«Я не думаю, что есть какая-либо необходимость торопиться возвращаться сюда вопреки вашему удобству. 10 октября будет столь же хорошо, как и 1-е, ибо я уверен, хотя и не видел г-на Джексона и могу судить лишь по тому, что происходило между ним и г-ном Смитом, что ему нечего сказать важного или приятного».
Мэдисон ответил, предложив отправиться в Вашингтон примерно 29-го числа, но согласившись с Галлатином в том, что ввиду «очевидного терпения и сдержанности Джексона» его заявления «не будут ни действенными, ни приятными».

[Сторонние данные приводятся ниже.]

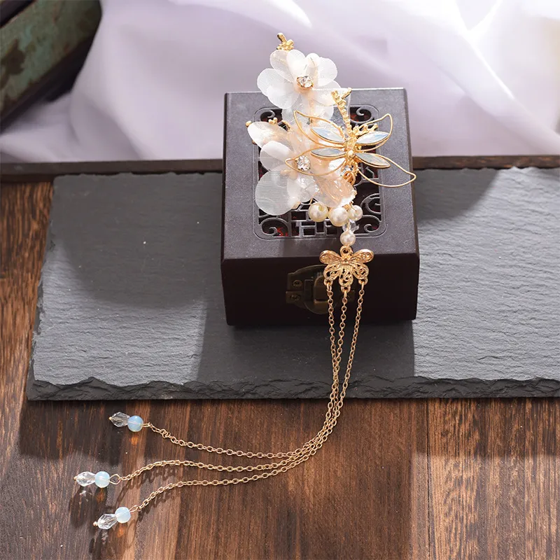 Elegant gold floral hairpin featuring soft white petals, pearl accents, and delicate butterfly chains. Perfect for weddings, festivals, or royal-inspired looks.
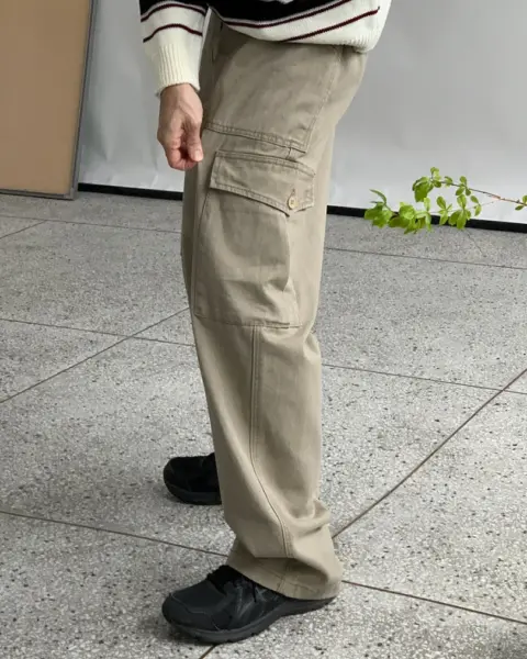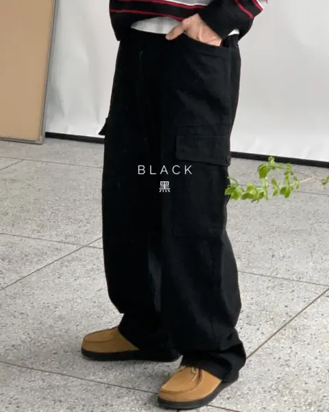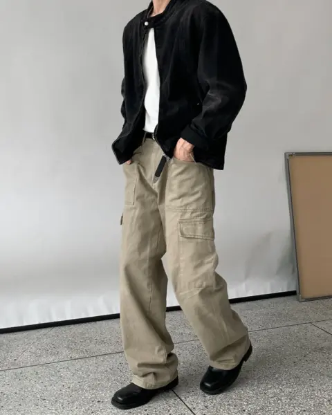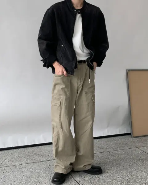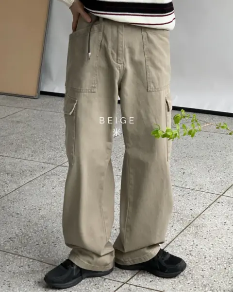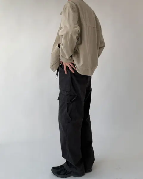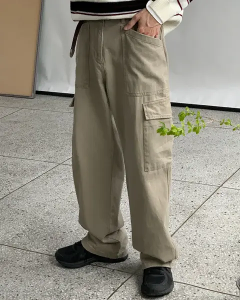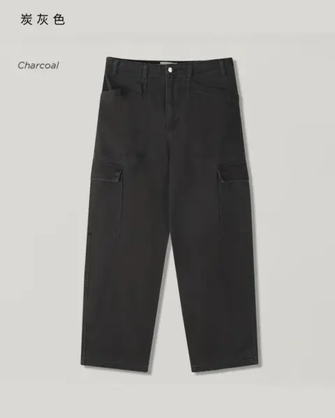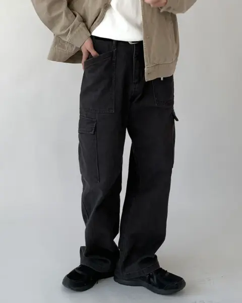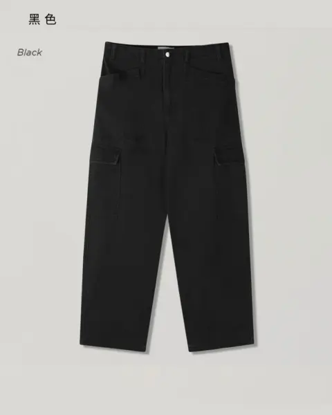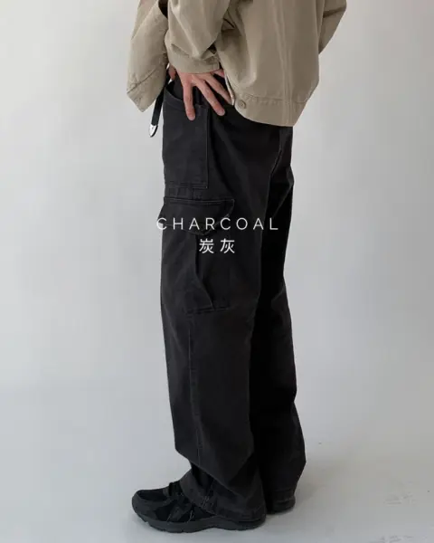 整體為 寬鬆 Wide Fit 剪裁,褲型線條俐落,搭配大容量口袋與 Cargo 工裝細節,兼具造型感與實用性。
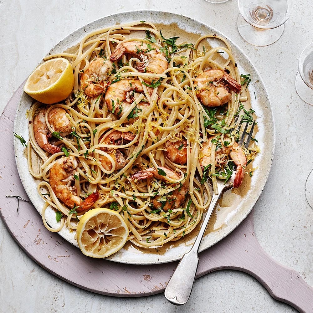 Citronpasta med vannameiräkor
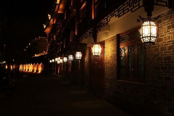 夜晚,古城的一切都被光与影揽入怀里。那高挂的一盏盏灯火,温暖了古城的寒冷,驱散了路人的寂寞。这是一座光与影的古城,一座现代与古代交汇的古城,也是梦幻与现实交替的古城!
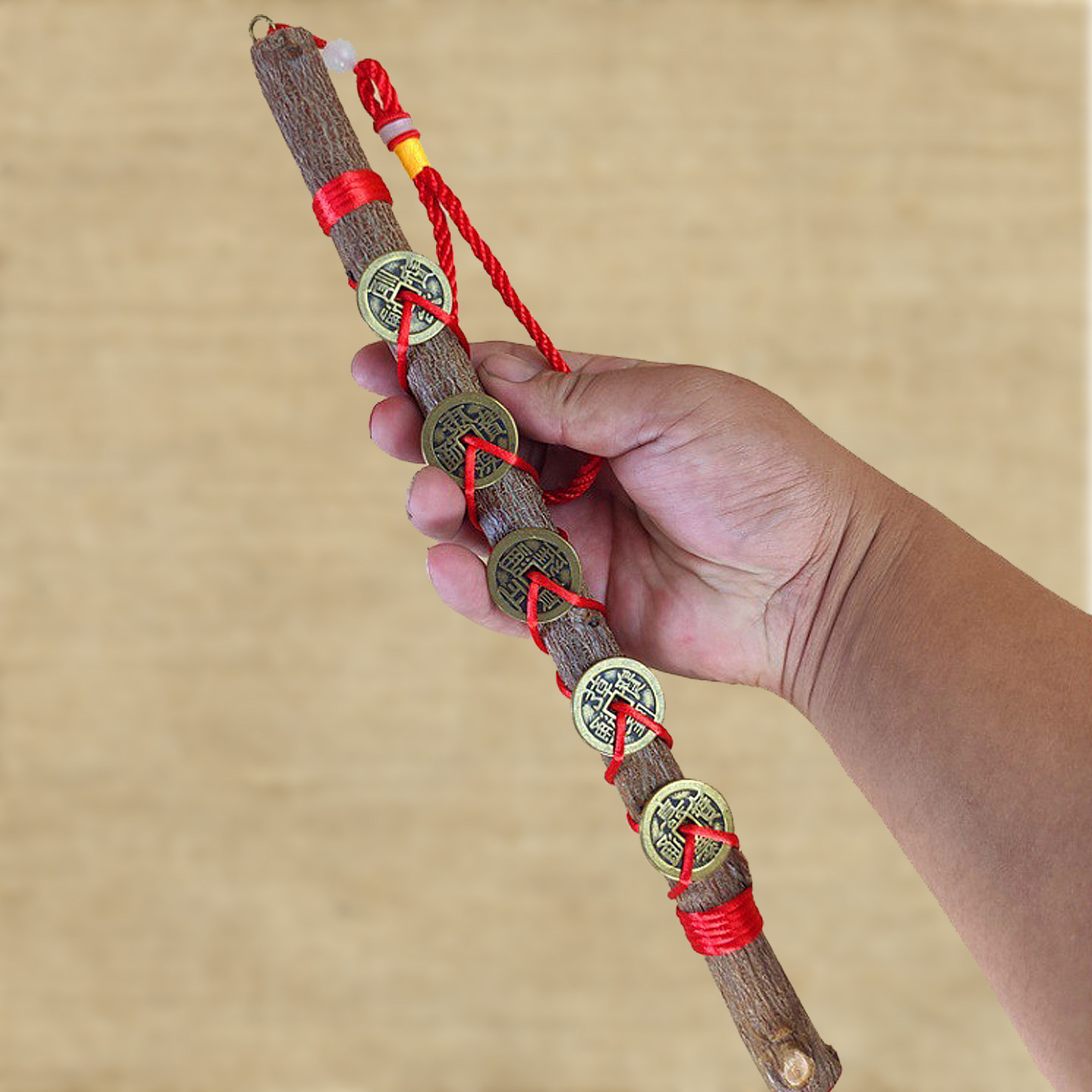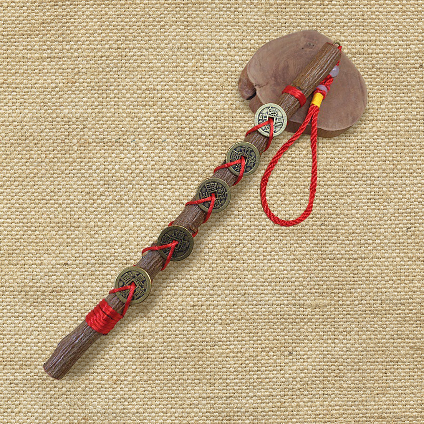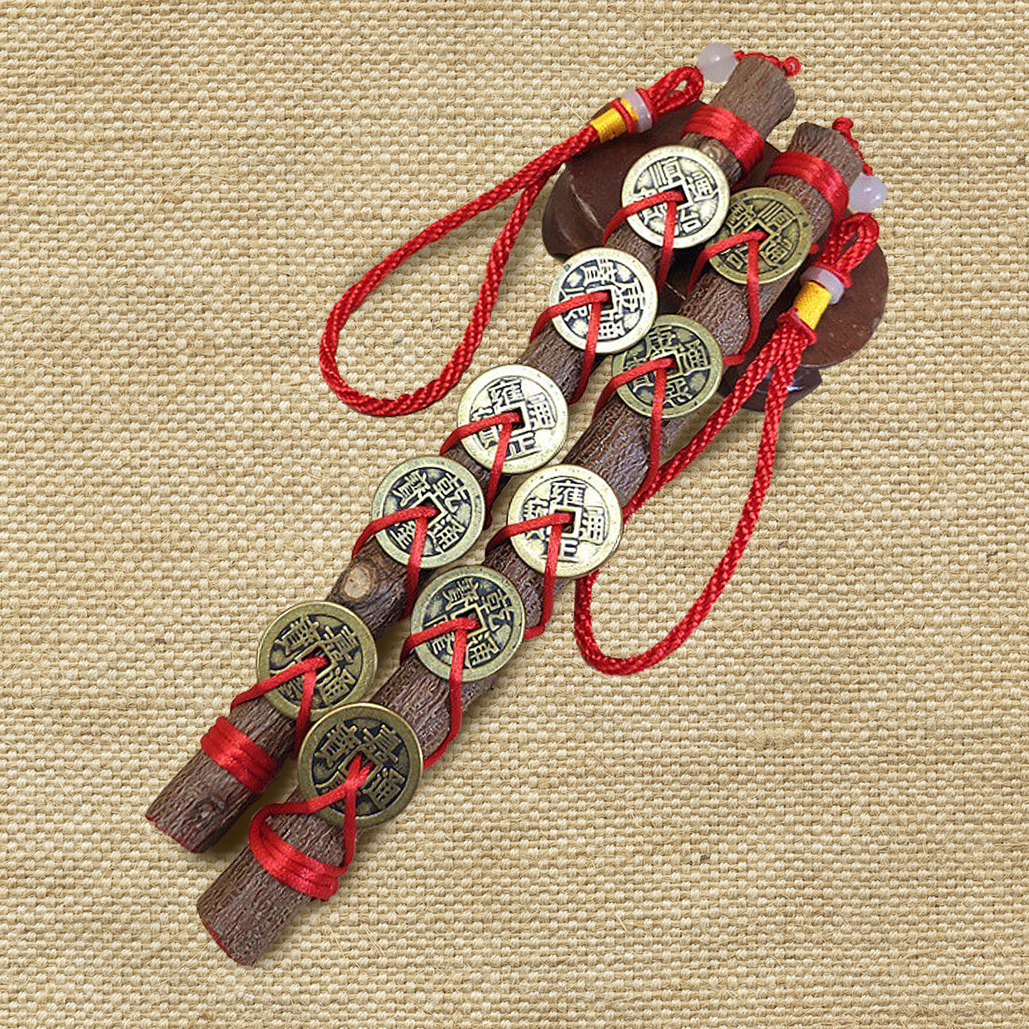 📚 五帝钱桃木挂件东南桃枝棍棒宝宝啼哭夜晚惊吓噩梦护身摆件镇宅
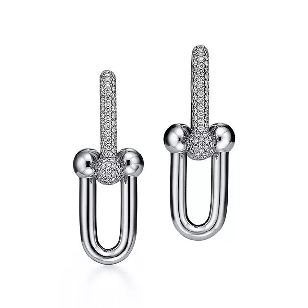 Tiffany HardWear Gliederohrringe, große Glieder in Weißgold mit Pavé-Diamanten
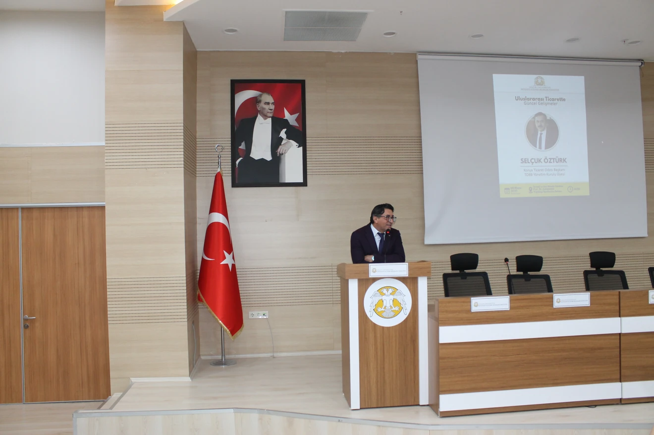 Fakültemiz Uluslararası Ticaret ve Finansman Bölüm Başkanlığı organizasyonuyla; "Uluslararası Ticarette Güncel Gelişmeler“ konulu konferans; Konya Ticaret Odası Başkanı ve TOBB Yönetim Kurulu Üyesi Sn. Selçuk ÖZTÜRK'ün konuşmacı olarak katılımlarıyla gerçekleştirildi.
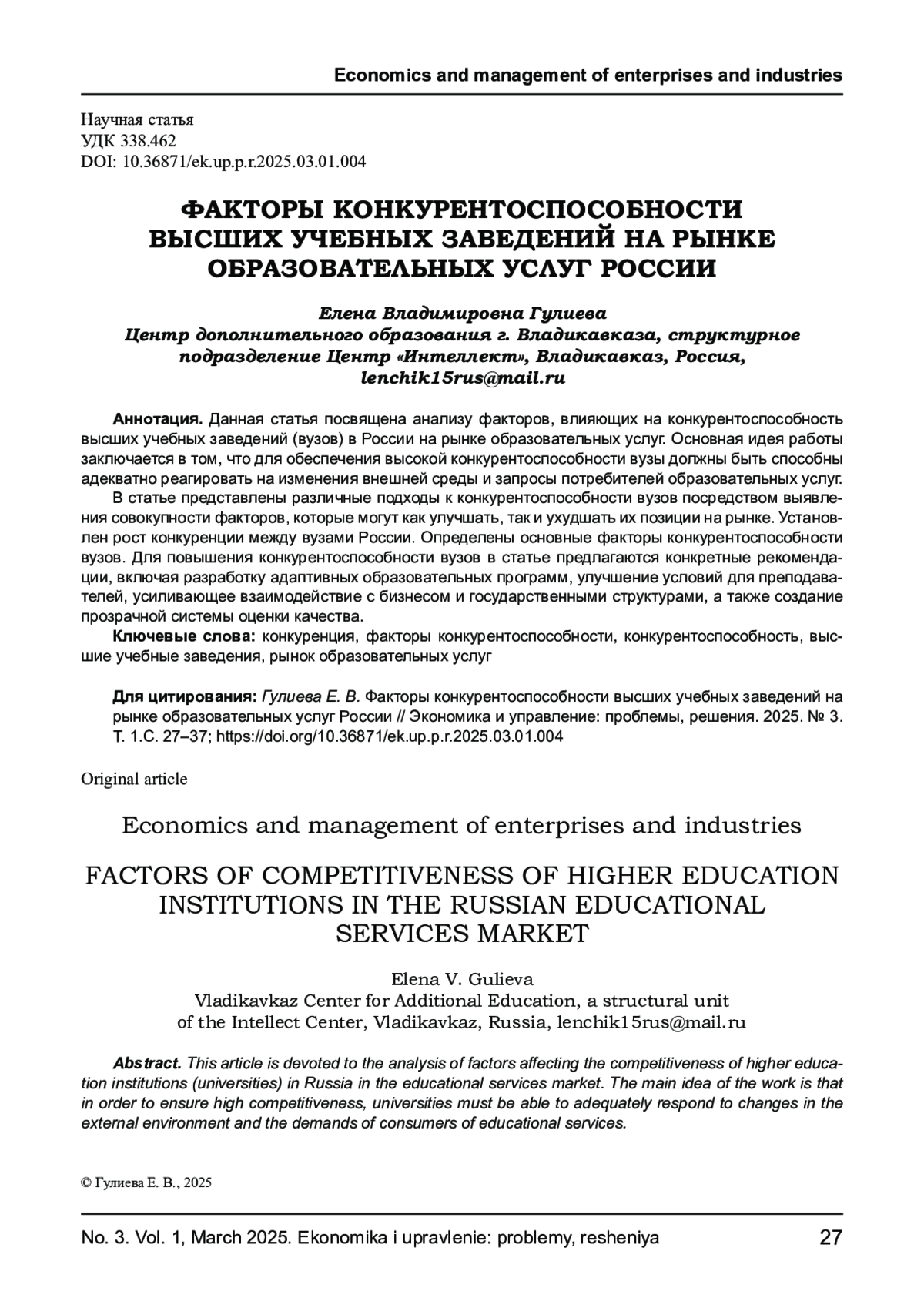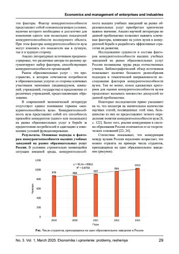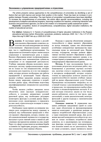 Данная статья посвящена анализу факторов, влияющих на конкурентоспособность высших учебных заведений (вузов) в России на рынке образовательных услуг. Основная идея работы заключается в том, что для обеспечения высокой конкурентоспособности вузы должны быть способны адекватно реагировать на изменения внешней среды и запросы потребителей образовательных услуг. В статье представлены различные подходы к конкурентоспособности вузов посредством выявления совокупности факторов, которые могут как улучшать, так и ухудшать их позиции на рынке. Установлен рост конкуренции между вузами России. Определены основные факторы конкурентоспособности вузов. Для повышения конкурентоспособности вузов в статье предлагаются конкретные рекомендации, включая разработку адаптивных образовательных программ, улучшение условий для преподавателей, усиливающее взаимодействие с бизнесом и государственными структурами, а также создание прозрачной системы оценки качества.
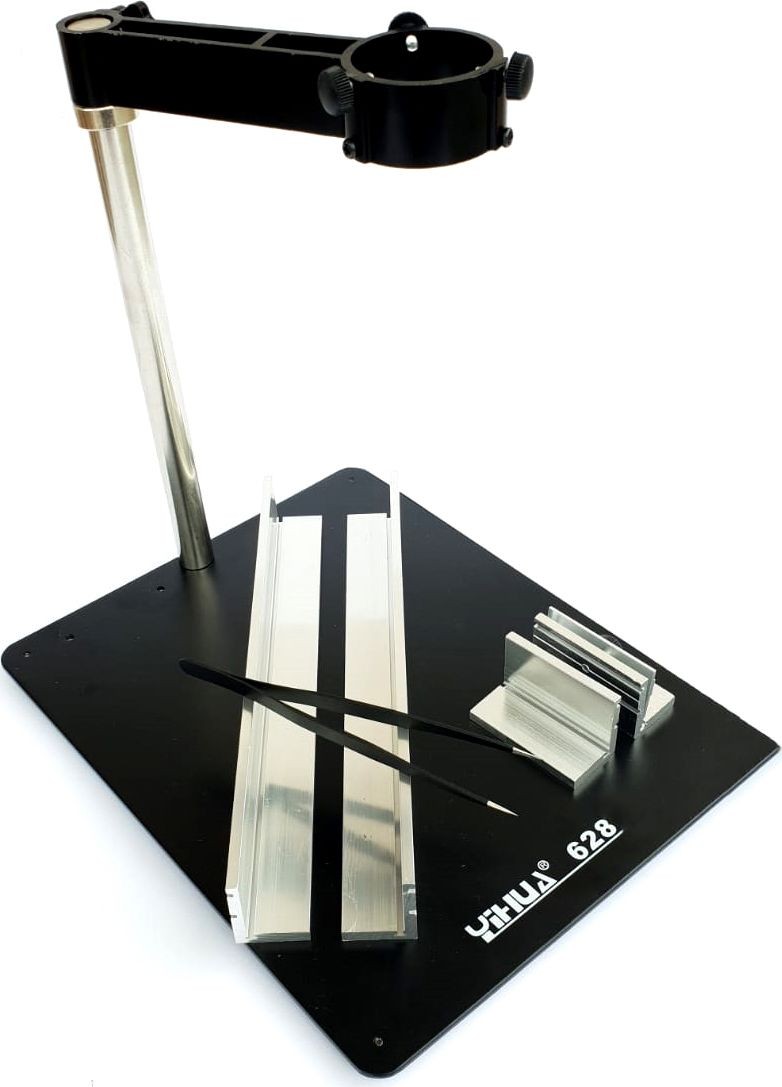 Yihua 628 jest niezastąpionym elementem każdego serwisu, dodaje nam dużo komfortu, dzięki uchwytowi na kolbę gorącego powietrza dostajemy wolną rękę, co jest bardzo ważne przy pracy. W połączeniu z metalową podstawą oraz metalowymi uchwytami magnetycznymi o dwóch rozmiarach stanowi idealne miejsce pracy.
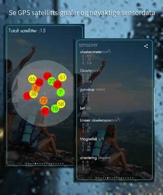 Utvid dine muligheter med avanserte målefunksjoner som den presise arealberegneren, perfekt for å fastslå størrelsen på tomter, land eller bygninger. Trenger du raskt å finne høyden eller avstanden mellom to punkter? GPS-verktøy leverer raske og nøyaktige resultater. Du kan også lagre dine favorittsteder for enkel tilbakevending, eller justere parabolantennen ved hjelp av sanntidsdata om satellittnummer og signalstyrke. Appen gir detaljerte sensordata fra enheten din, og for den ultimate bekvemmeligheten strekker funksjonaliteten seg til din Wear OS-smartklokke. Med GPS-verktøy på håndleddet har du alltid de viktigste verktøyene innen rekkevidde, og sikrer at du er forberedt på enhver situasjon, uansett hvor eventyret fører deg.
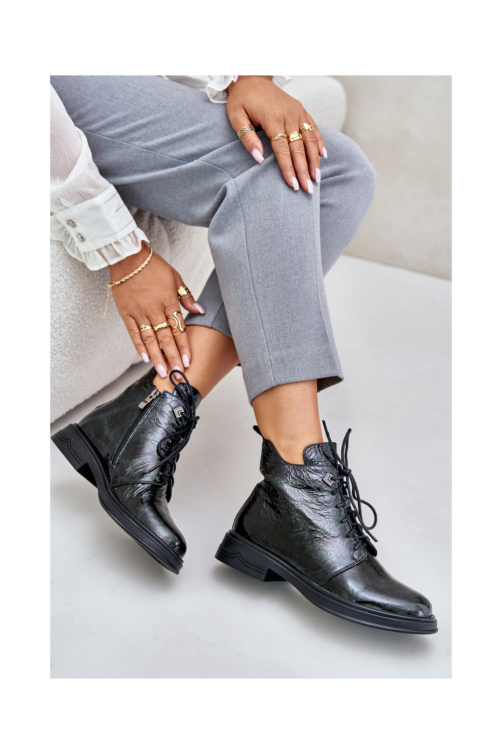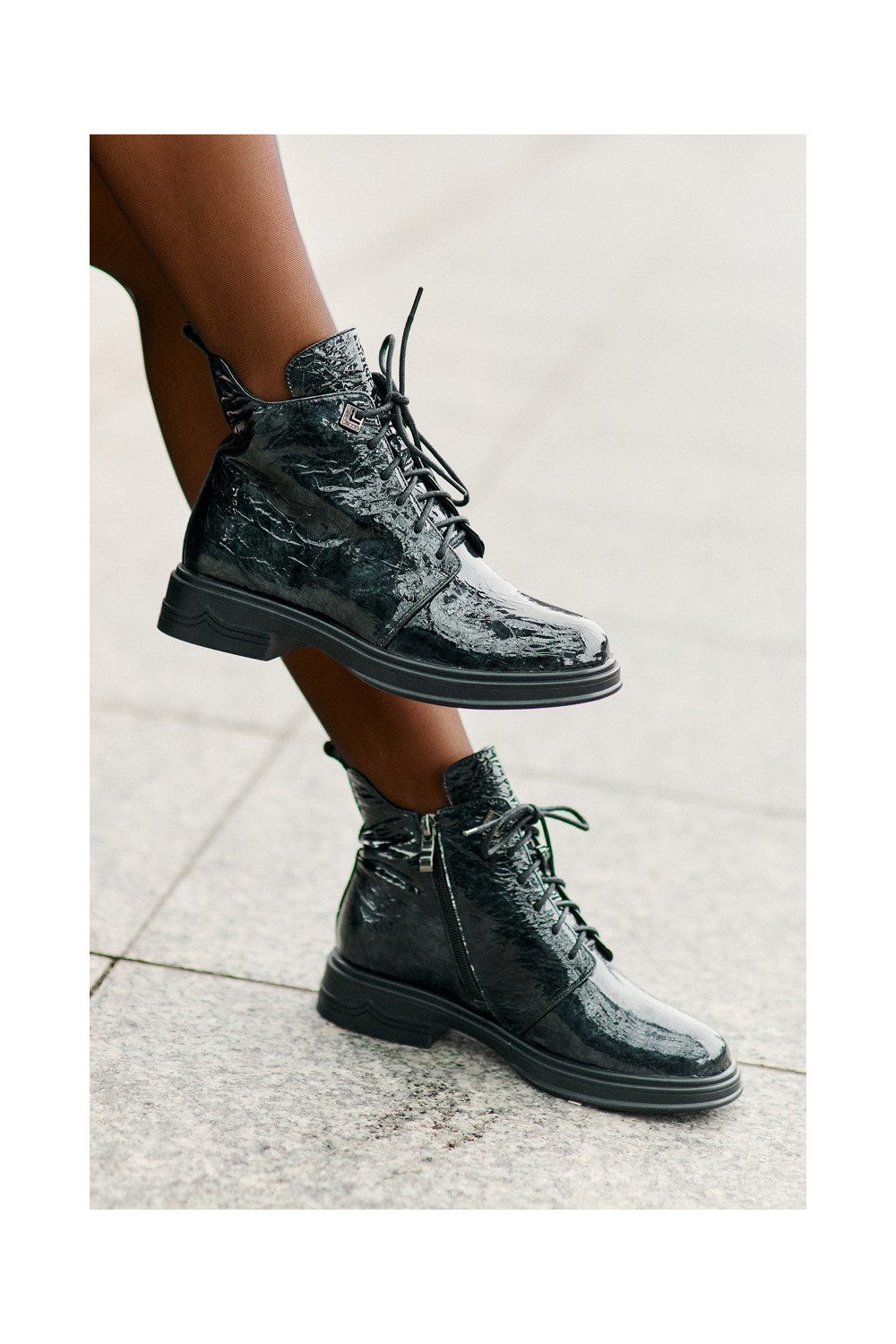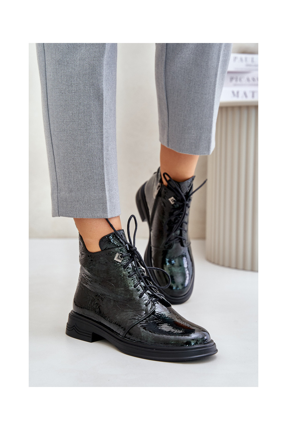 Ādas siltināti sieviešu zābaki ar lakota efekta D&A LZ42-042 chaki krāsā

Проявлял ли Джексон терпение или активность, он не мог избежать того, чтобы не вызвать недовольства; и, пожалуй, он поступил мудро, выиграв все время, какое мог, даже если не выиграл ничего большего. В отличие от некоторых своих предшественников, он понимал, как извлечь максимум выгоды из своего положения. Он находил развлечение для месяца праздности, пусть даже этот месяц был сентябрем, а место — Вашингтоном. Он снял дом, который занимали Мерри и Эрскин, — дом, стоявший среди полей с видом через Рок-Крик на Джорджтаун:
«Эрскин довел его до такого состояния разрухи и грязи, что пройдет несколько недель, прежде чем мы сможем попытаться переехать в него. Шотландец с американской женой, которая воображает себя светской дамой — не лучшие люди для успеха в таком деле».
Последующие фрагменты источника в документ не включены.